Violence at work
Violence at work A longtime top Houston area prosecutor has resigned after posting a meme on Facebook that appeared to equate Nazis with people who have been participating in protests in the wake of George Floyd’s death
By
JUAN A. LOZANO Associated Press
June 29, 2020, 7:55 PM
3 min read
HOUSTON —
A longtime top Houston area prosecutor resigned Monday after posting a meme on Facebook that appeared to equate Nazis with people who have been participating in protests in the wake of George Floyd’s death.
Kaylynn Williford, who was head of the trial bureau at the Harris County District Attorney’s Office, last week posted the meme that shows a black and white picture of a wooden box full of weddings bands that were removed from Holocaust victims.
A caption above the photo reads in part, “Each ring represents a destroyed family. Never forget, Nazis tore down statues. Banned free speech. Blamed economic hardships on one group of people. Instituted gun control. Sound familiar?”

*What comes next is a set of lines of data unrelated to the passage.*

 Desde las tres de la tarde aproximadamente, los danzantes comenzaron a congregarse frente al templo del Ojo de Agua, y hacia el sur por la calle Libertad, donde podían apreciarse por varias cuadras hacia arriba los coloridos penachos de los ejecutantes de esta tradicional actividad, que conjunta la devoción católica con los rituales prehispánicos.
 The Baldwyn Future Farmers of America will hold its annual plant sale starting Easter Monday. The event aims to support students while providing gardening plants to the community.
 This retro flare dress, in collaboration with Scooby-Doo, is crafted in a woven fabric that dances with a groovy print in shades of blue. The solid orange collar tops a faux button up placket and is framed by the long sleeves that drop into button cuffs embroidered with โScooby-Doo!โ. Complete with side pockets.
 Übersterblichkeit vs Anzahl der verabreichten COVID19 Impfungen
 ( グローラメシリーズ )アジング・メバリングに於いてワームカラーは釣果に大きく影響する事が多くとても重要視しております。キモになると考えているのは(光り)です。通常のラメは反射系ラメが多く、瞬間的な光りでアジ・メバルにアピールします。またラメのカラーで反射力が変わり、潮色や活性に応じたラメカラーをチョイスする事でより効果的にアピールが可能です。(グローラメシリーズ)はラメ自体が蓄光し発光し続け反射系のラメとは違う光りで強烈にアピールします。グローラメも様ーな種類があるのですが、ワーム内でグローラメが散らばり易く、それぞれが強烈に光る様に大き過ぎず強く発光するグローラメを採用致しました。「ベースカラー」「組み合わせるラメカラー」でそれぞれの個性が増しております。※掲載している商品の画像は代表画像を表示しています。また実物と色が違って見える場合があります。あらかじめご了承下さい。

Protesters demonstrating against racism, police violence, racial inequality and the May death of Floyd, a Black man who died after a white police officer pressed his knee into Floyd’s neck for nearly eight minutes, have targeted Confederate monuments and other statues in cities around the world.

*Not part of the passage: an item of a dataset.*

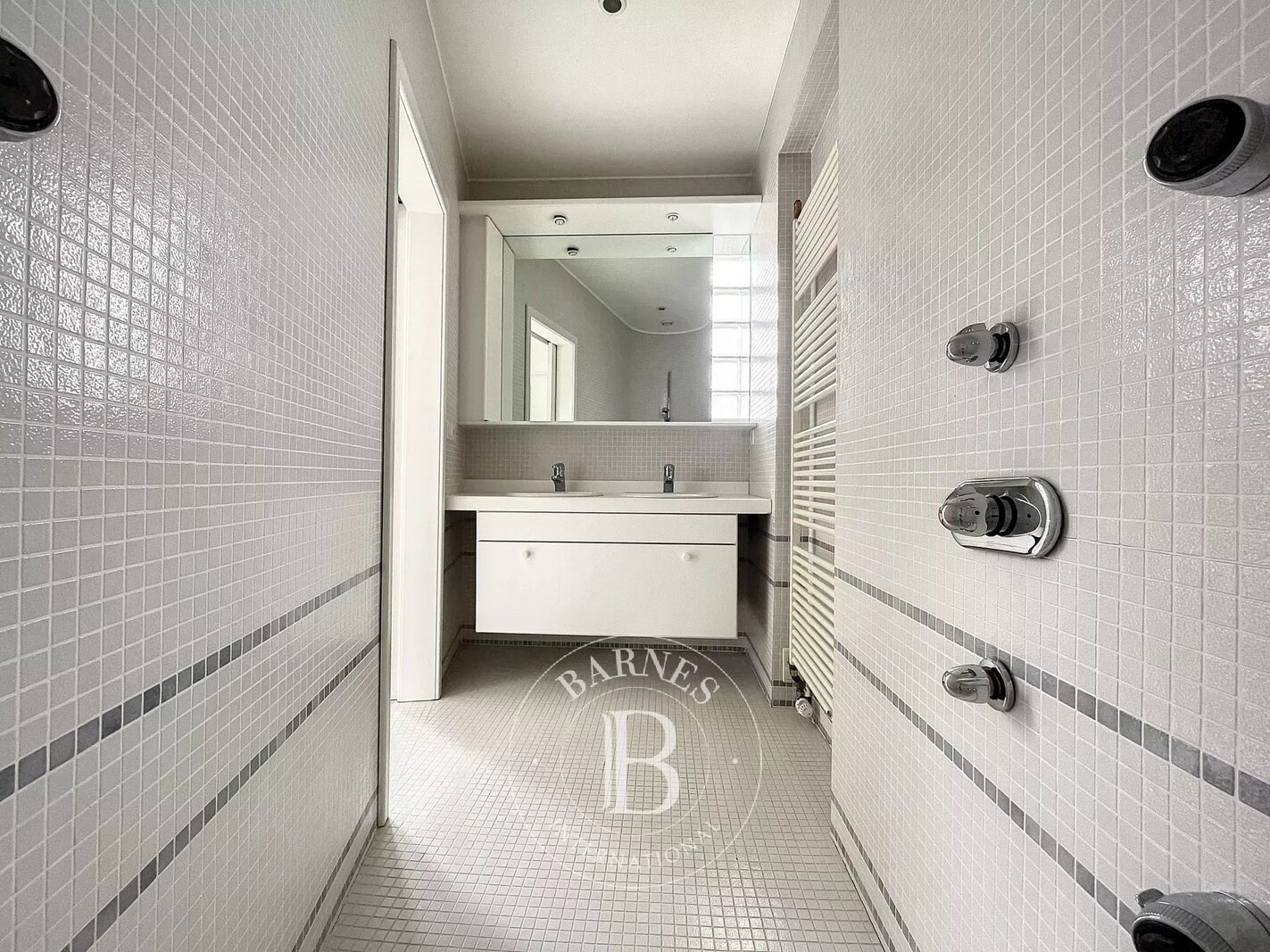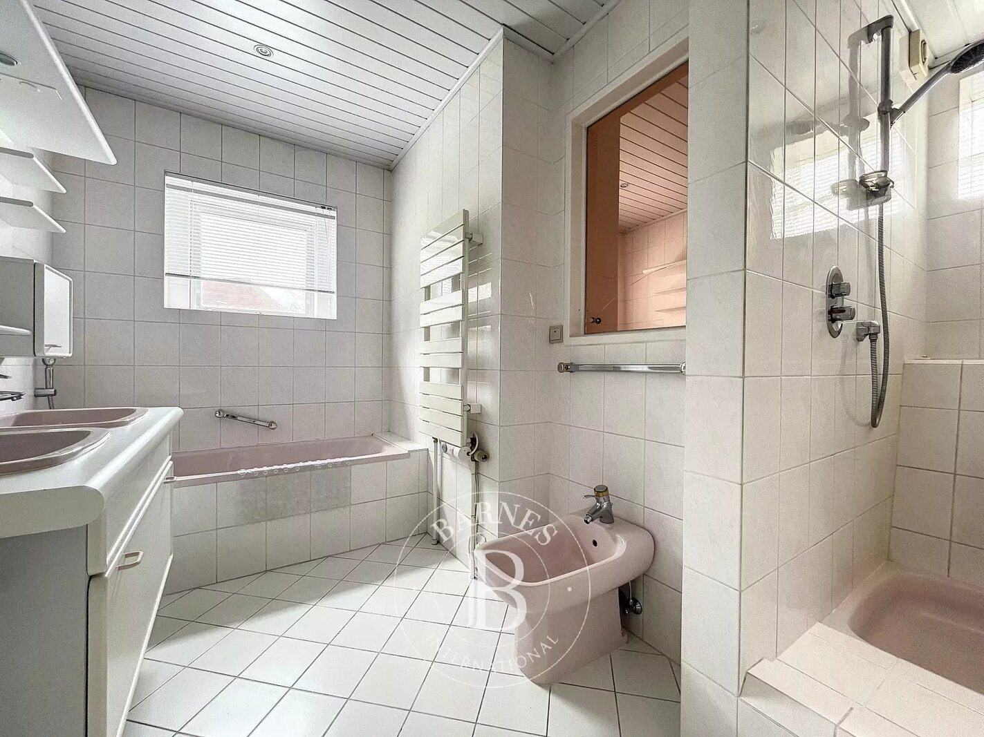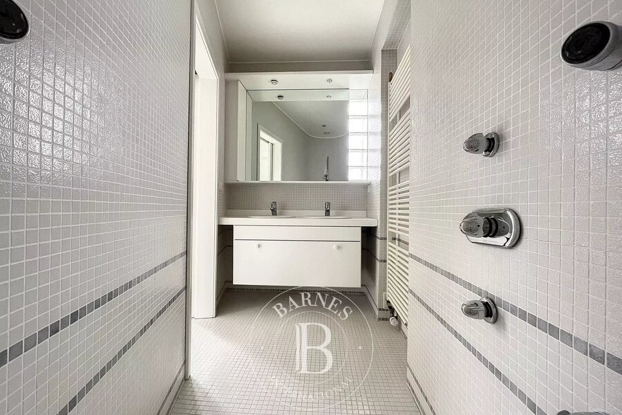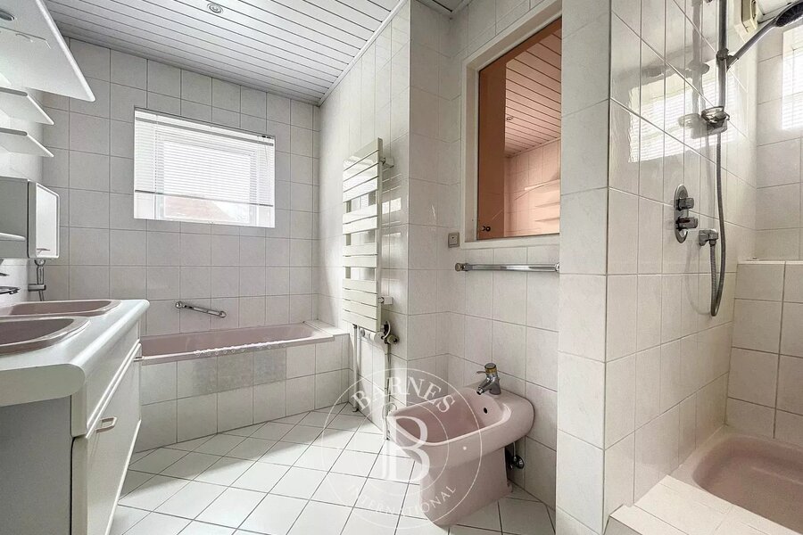 Vanuit de hal leiden een paar treden naar 2 slaapkamers met aangrenzende badkamers en, aan het eind van de gang, de ouderslaapkamer met aangrenzende doucheruimte.

Various area attorneys had questioned whether the post was derogatory of the Black Lives Matter movement and if it might be racist.
“It’s in very poor taste given the context of what’s happening socially around the country,” said Mauro Beltramini, a Houston criminal defense attorney. “Something like this could cast doubt on things that the district attorney’s office is doing.”

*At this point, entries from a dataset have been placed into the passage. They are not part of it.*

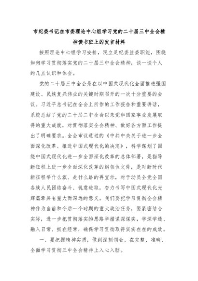 【七哥公文】2024年:市纪委书记在市委理论中心组学习党的二十届三中全会精神读书班上的发言材料+更多免费公文+VX:QiGeGongWen2024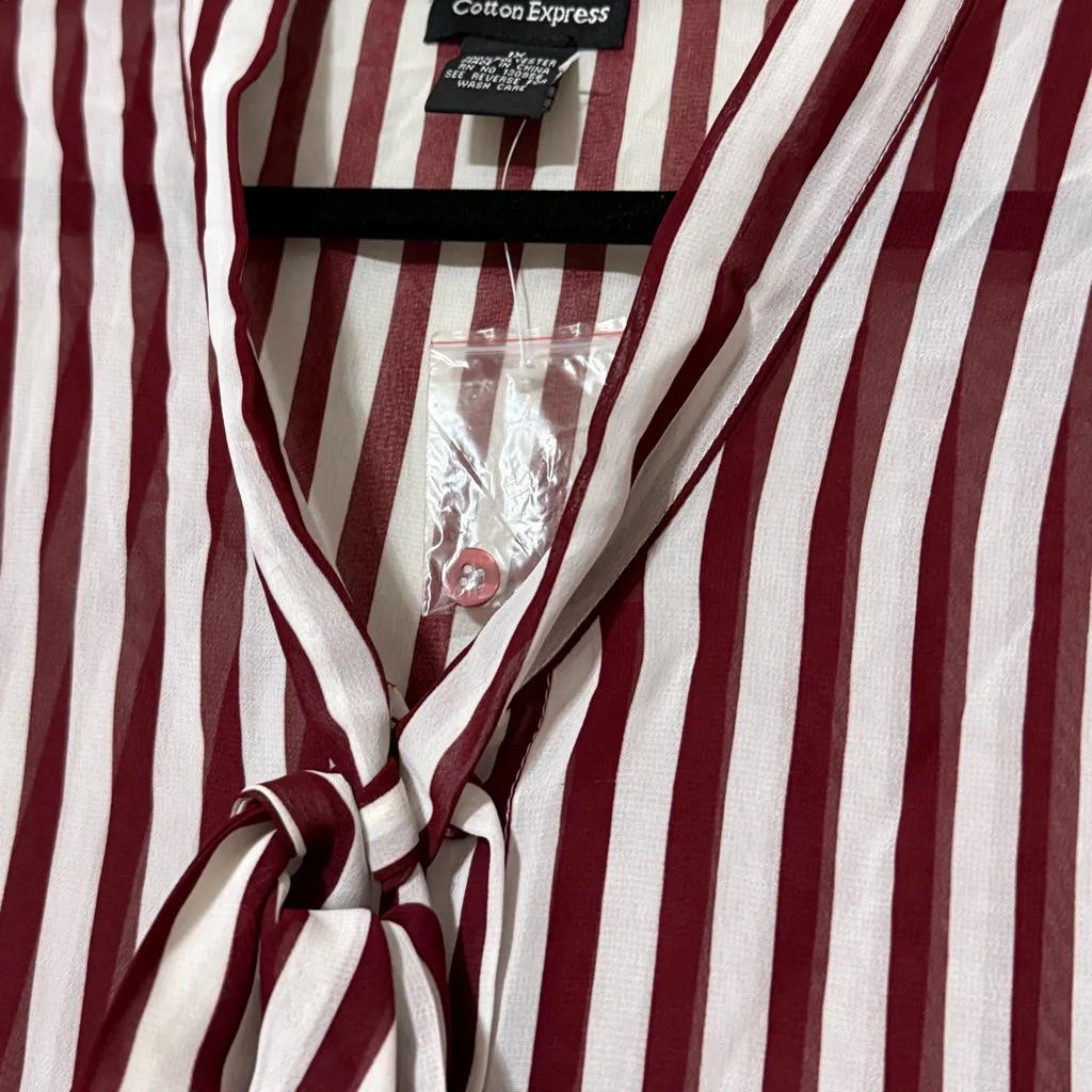 Cotton Express womens size 1X long sleeve striped sheer maroon ivory blouse NWT Purple - $22 - From Melissa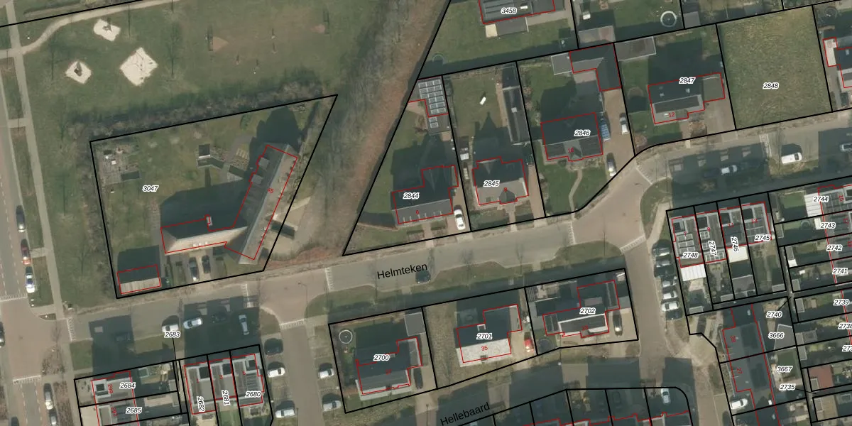Het perceel waarop Helmteken 6 staat heeft een oppervlakte van 685 m². Dit is een groot perceel. De perceeloppervlakte wordt geregistreerd door het Kadaster. Gedetailleerde informatie over de maten van dit perceel kunt u vinden in het rapport Kadastrale kaart met maatvoering van Helmteken 6.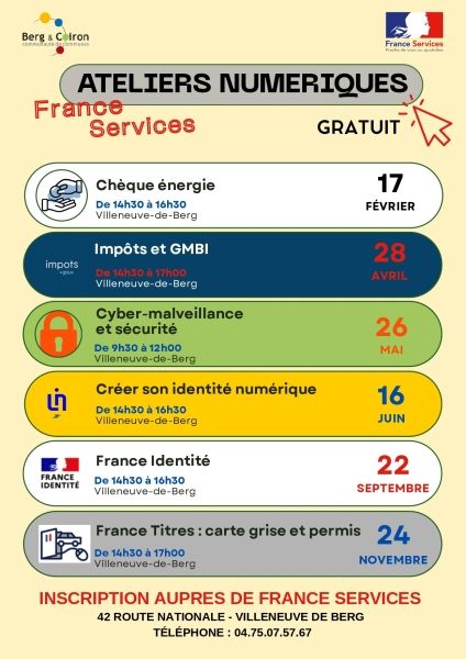 Ateliers gratuits, ouverts à tous Sur inscription auprès de France Services Villeneuve-de-Berg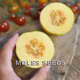 A mini-melon variety that can be used for both commercial production and hobby gardening. The fruit have a sweet sugary flavour and pleasant aroma. The skin, which turns yellow when fully ripe, is thin and allows the fruit to be eaten like an apple. Plants produce up to eighteen 100-150 gram fruits per plant.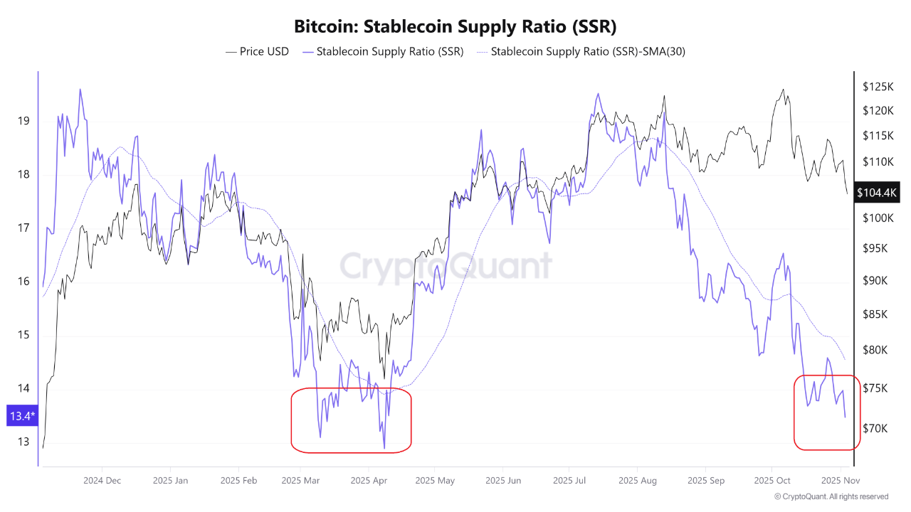 Enquanto isso, a plataforma de análise on-chain CryptoQuant observou que a taxa de fornecimento de stablecoin (SSR) do Bitcoin caiu para a faixa de 13 a 14, marcando historicamente uma zona de recuperação. O baixo SSR indica que a liquidez da stablecoin, ou poder de compra marginalizado, está aumentando, indicando que o capital pode em breve reentrar no mercado.

Williford said in a statement she never intended to offend the Black Lives Matter movement. Williford said what she had “interpreted as a post that promoted tolerance was taken in a completely different manner.”
“I have spent my career defending the rights not only of victims but those wrongfully accused,” she said. “If you truly knew me, you would know I never meant anything malicious in sharing a Facebook post … I can only say I am sorry for hurt this had made in the African American or Jewish communities.”
The district attorney’s office was reviewing concerns over the Facebook post when Williford resigned. The resignation was first made public by a reporter with the Marshall Project.
In an email sent to employees Monday, Harris County District Attorney Kim Ogg said her office “stands for equal justice” and it “has zero tolerance for racism in any shape or form. While implicit in our work, let us be together in the fight for tolerance and equality of all in everything we do, both in the workplace and in all aspects of our lives.”
Williford had been with the district attorney’s office since 1992 and had tried more than 100 jury trials. She was of the prosecutors who in October helped secure a death sentence for a man convicted of fatally shooting six members of his ex-wife’s family, including four children.